With pictures left out, please repeat word for word the lines from the one containing "¼ø°£¡±À̶ó¸ç, ¡°½Ã¹Î ¿©¡¦" through the end of the records.

SOURCE MATERIAL:
# # # #
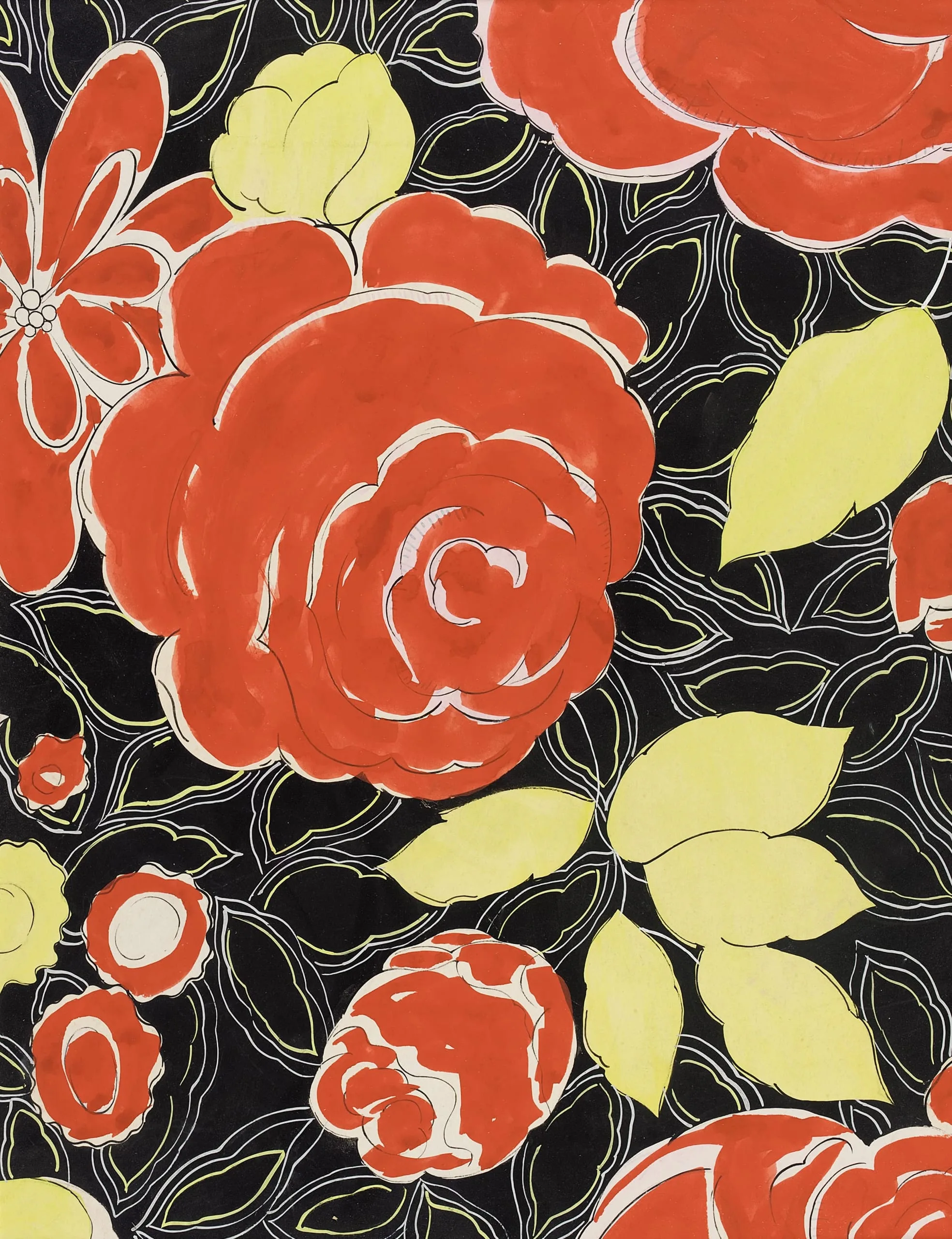 - Textile Design of Red Roses, 'Pattern 2074 E'
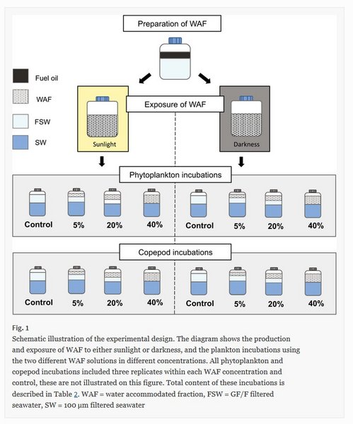 Arctic shipping and oil exploration are expected to increase, as sea ice extent is reduced. This enhances the risk for accidental oil spills throughout the Arctic, which emphasises the need to quantify potential consequences to the marine ecosystem and to evaluate risk and choose appropriate remediation methods. This study investigated the sensitivity of Arctic marine plankton to the water accommodated fraction (WAF) of heavy fuel oil. Arctic marine phytoplankton and copepods (Calanus finmarchicus) were exposed to three WAF concentrations corresponding to total hydrocarbon contents of 0.07 mg l-1, 0.28 mg l-1 and 0.55 mg l-1. Additionally, the potential phototoxic effects of exposing the WAF to sunlight, including the UV spectrum, were tested. The study determined sub-lethal effects of WAF exposure on rates of key ecosystem processes: primary production of phytoplankton and grazing (faecal pellet production) of copepods. Both phytoplankton and copepods responded negatively to WAF exposure. Biomass specific primary production was reduced by 6, 52 and 73% and faecal pellet production by 18, 51 and 86% with increasing WAF concentrations compared to controls. The phototoxic effect reduced primary production in the two highest WAF concentration treatments by 71 and 91%, respectively. This experiment contributes to the limited knowledge of acute sub-lethal effects of potential oil spills to the Arctic pelagic food web.
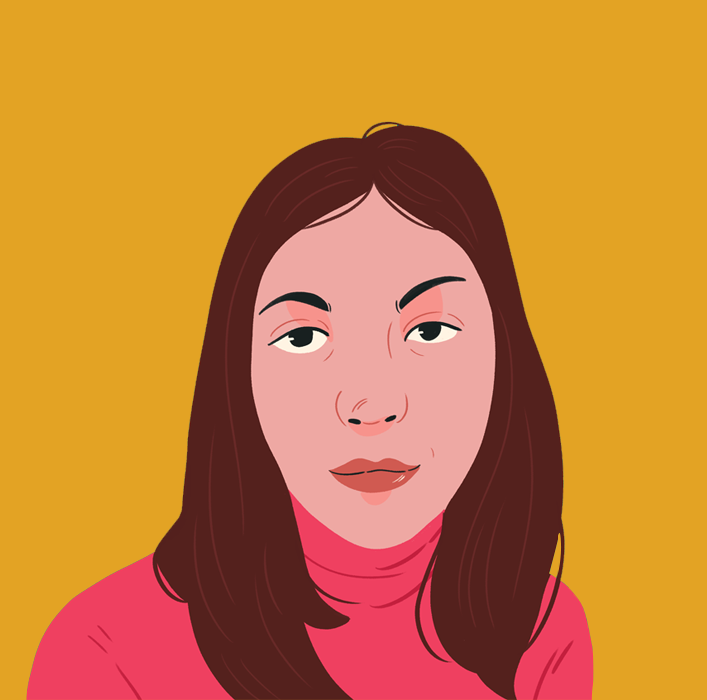 Illustration of two a pair of white-skinned people in glasses, to the left in the background is a mand and to the right at the forefront is a woman. The background is turquoise.
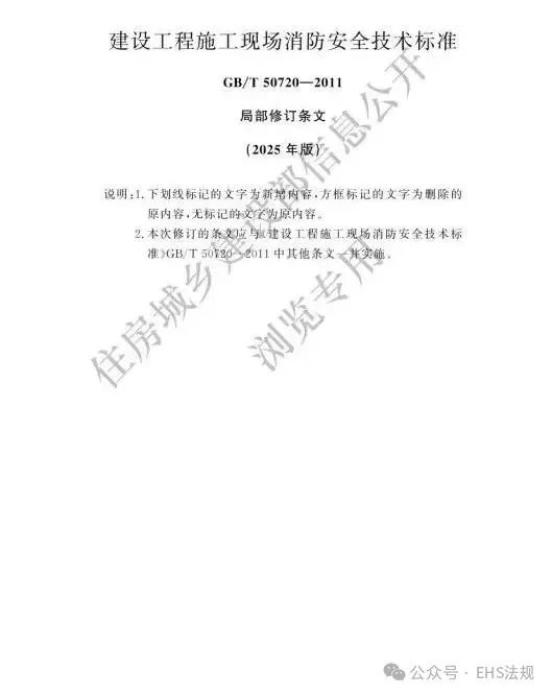 《建设工程施工现场消防安全技术标准》(GB/T 50720-2011,2025年版)是对原《建设工程施工现场消防安全技术规范》(GB 50720-2011)的局部修订,由住房和城乡建设部于2025年6月30日批准,并将于2025年11月1日起实施 。
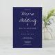 Um convite de casamento para um microcasamento. Este convite é feito em azul escuro e branco com informações suficientes para ganhar o dia. Simplesmente adicione suas informações, adicione este convite ao seu carrinho e aproveite o seu casamento pequeno e íntimo.
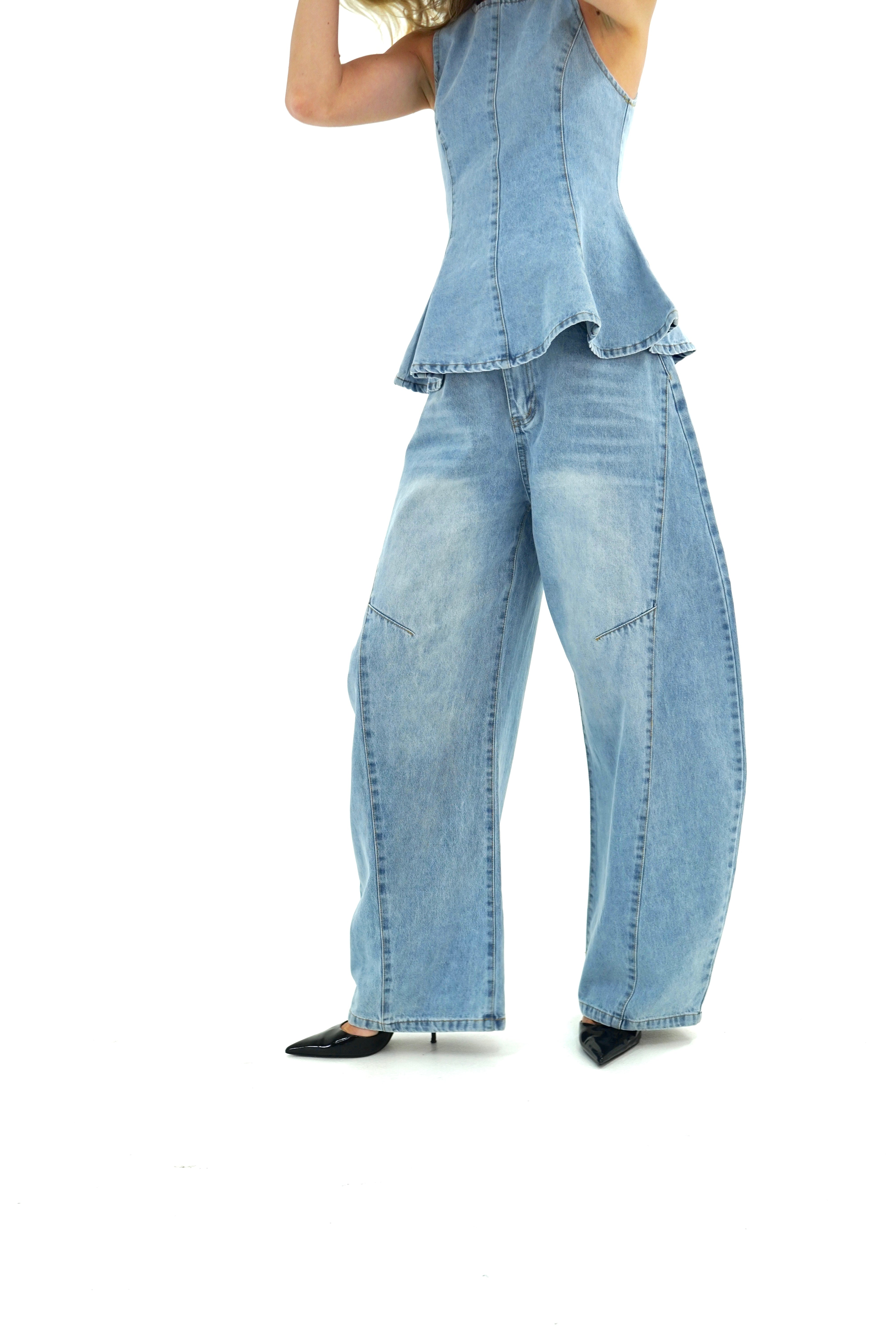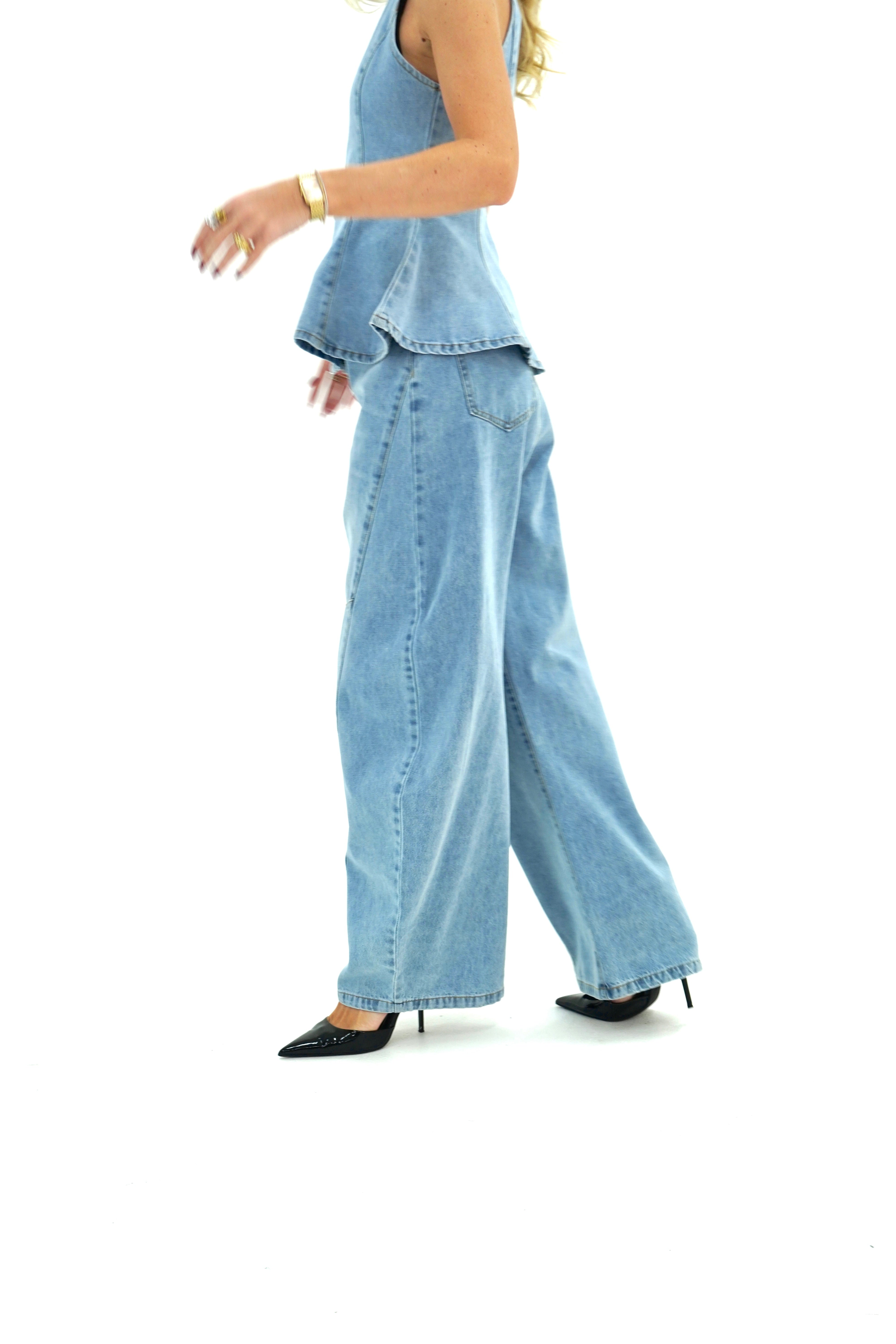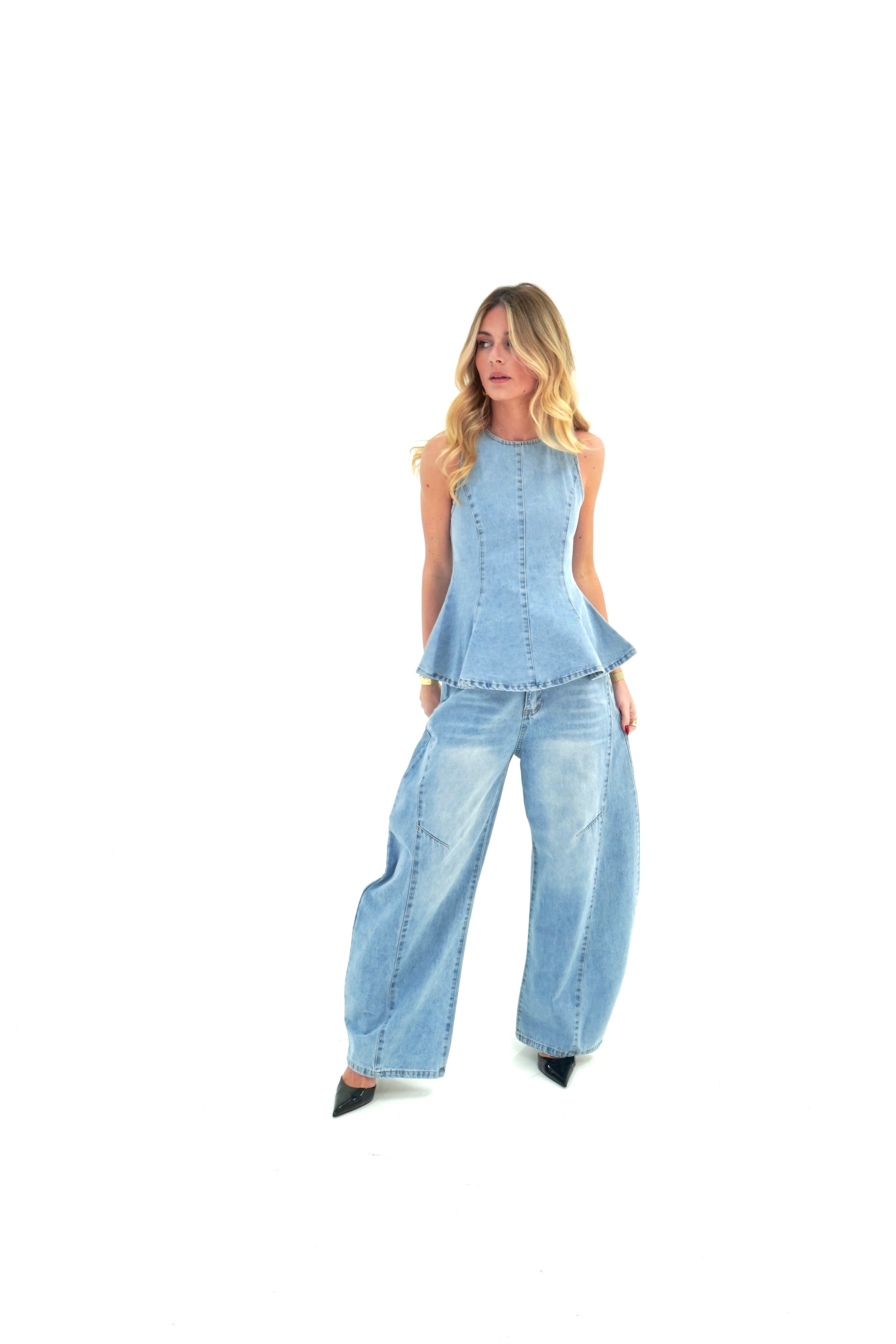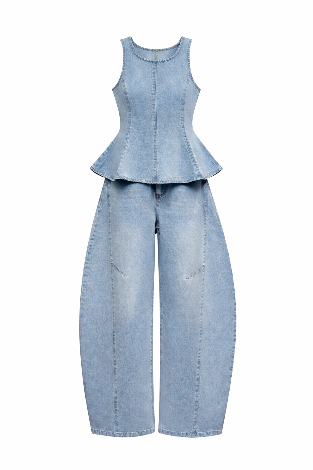 Ensemble en denim bleu clair composé d’un top sans manches et d’un pantalon assorti
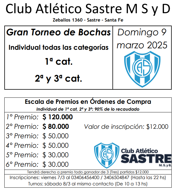 Los bochófilos del Club Atlético Sastre tendrán actividad oficial en casa cuando el próximo domingo 9 de marzo se lleve a cabo el primer “Gran Torneo de bochas” Individual todas las categorías.
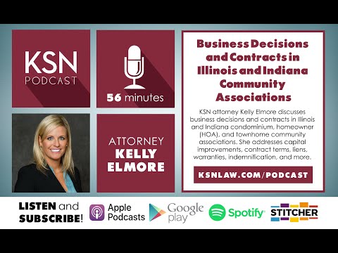 “Business Decisions and Contracts in Illinois and Indiana Community Associations” – KSN attorney Kelly Elmore discusses business decisions and contracts in Illinois and Indiana condominium, homeowner (HOA), and townhome community associations. She addresses capital improvements, contract terms, liens, warranties, indemnification, and more. (56 mins.)
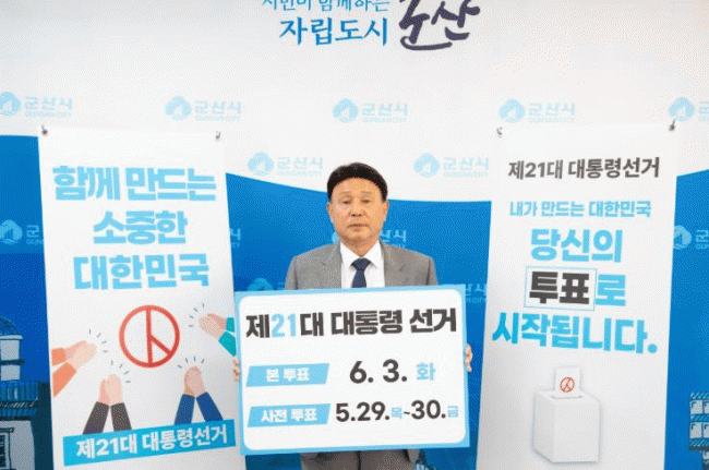 [NWS¹æ¼Û=Çѽ¸ñ ±âÀÚ]°­ÀÓÁØ ±º»ê½ÃÀåÀÌ 6¿ù 3ÀÏ ½Ç½ÃµÇ´Â Á¦21´ë ´ëÅë·É¼±°Å¸¦ ¾ÕµÎ°í ½Ã¹ÎµéÀÇ Àû±ØÀûÀÎ ÅõÇ¥ Âü¿©¸¦ µ¶·ÁÇÏ´Â Ä·ÆäÀÎÀ» Àü°³Çß´Ù. °­ ½ÃÀåÀº ¡°¼±°Å´Â ¿ì¸®ÀÇ ¹Ì·¡¸¦ °áÁ¤ÇÏ´Â Áß¿äÇÑ ¼±ÅÃÀÇ ¼ø°£¡±À̶ó¸ç, ¡°½Ã¹Î ¿©¡¦
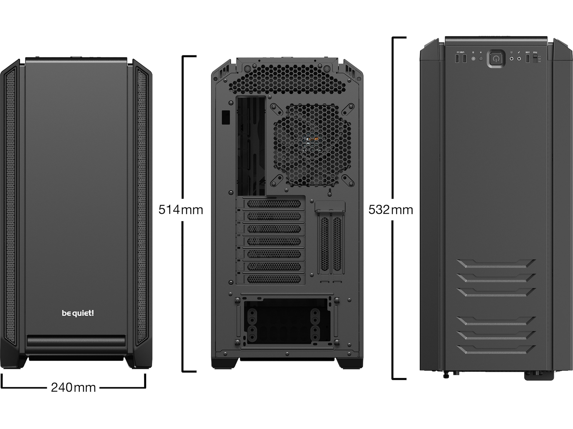 2 forhåndsinstallerte Pure Wings 2 140 mm vifter med luftstrømsoptimaliserte vifteblader sikrer en perfekt luftstrøm og solid kjøling. Den integrerte 3-trinns viftekontrollen har plass til opptil 3 vifter.
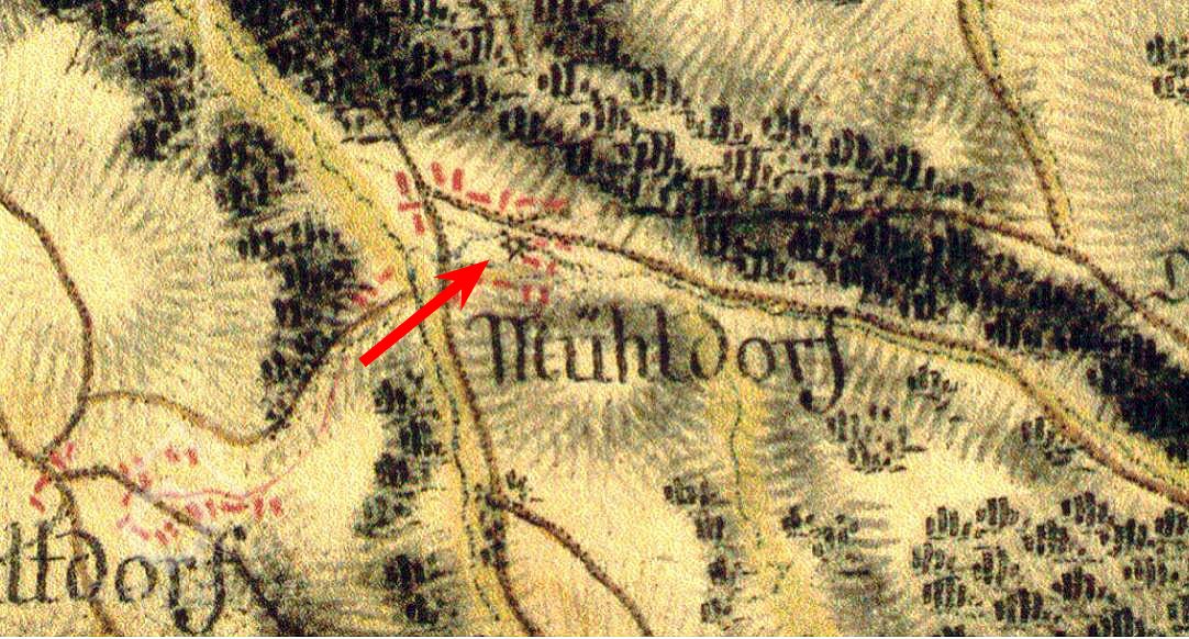 Zaniklý mlýn se nacházel v rovněž zaniklé obci Mlýnská (Mühldorf), nyní na území Vojenského újezdu Hradiště. Jednalo se o patrně nejstarší ze tří mlýnů v obci. Mlel ještě v roce 1930.
# # # #
ANSWER SECTION:
 [NWS¹æ¼Û=Çѽ¸ñ ±âÀÚ]°­ÀÓÁØ ±º»ê½ÃÀåÀÌ 6¿ù 3ÀÏ ½Ç½ÃµÇ´Â Á¦21´ë ´ëÅë·É¼±°Å¸¦ ¾ÕµÎ°í ½Ã¹ÎµéÀÇ Àû±ØÀûÀÎ ÅõÇ¥ Âü¿©¸¦ µ¶·ÁÇÏ´Â Ä·ÆäÀÎÀ» Àü°³Çß´Ù. °­ ½ÃÀåÀº ¡°¼±°Å´Â ¿ì¸®ÀÇ ¹Ì·¡¸¦ °áÁ¤ÇÏ´Â Áß¿äÇÑ ¼±ÅÃÀÇ ¼ø°£¡±À̶ó¸ç, ¡°½Ã¹Î ¿©¡¦
 2 forhåndsinstallerte Pure Wings 2 140 mm vifter med luftstrømsoptimaliserte vifteblader sikrer en perfekt luftstrøm og solid kjøling. Den integrerte 3-trinns viftekontrollen har plass til opptil 3 vifter.
 Zaniklý mlýn se nacházel v rovněž zaniklé obci Mlýnská (Mühldorf), nyní na území Vojenského újezdu Hradiště. Jednalo se o patrně nejstarší ze tří mlýnů v obci. Mlel ještě v roce 1930.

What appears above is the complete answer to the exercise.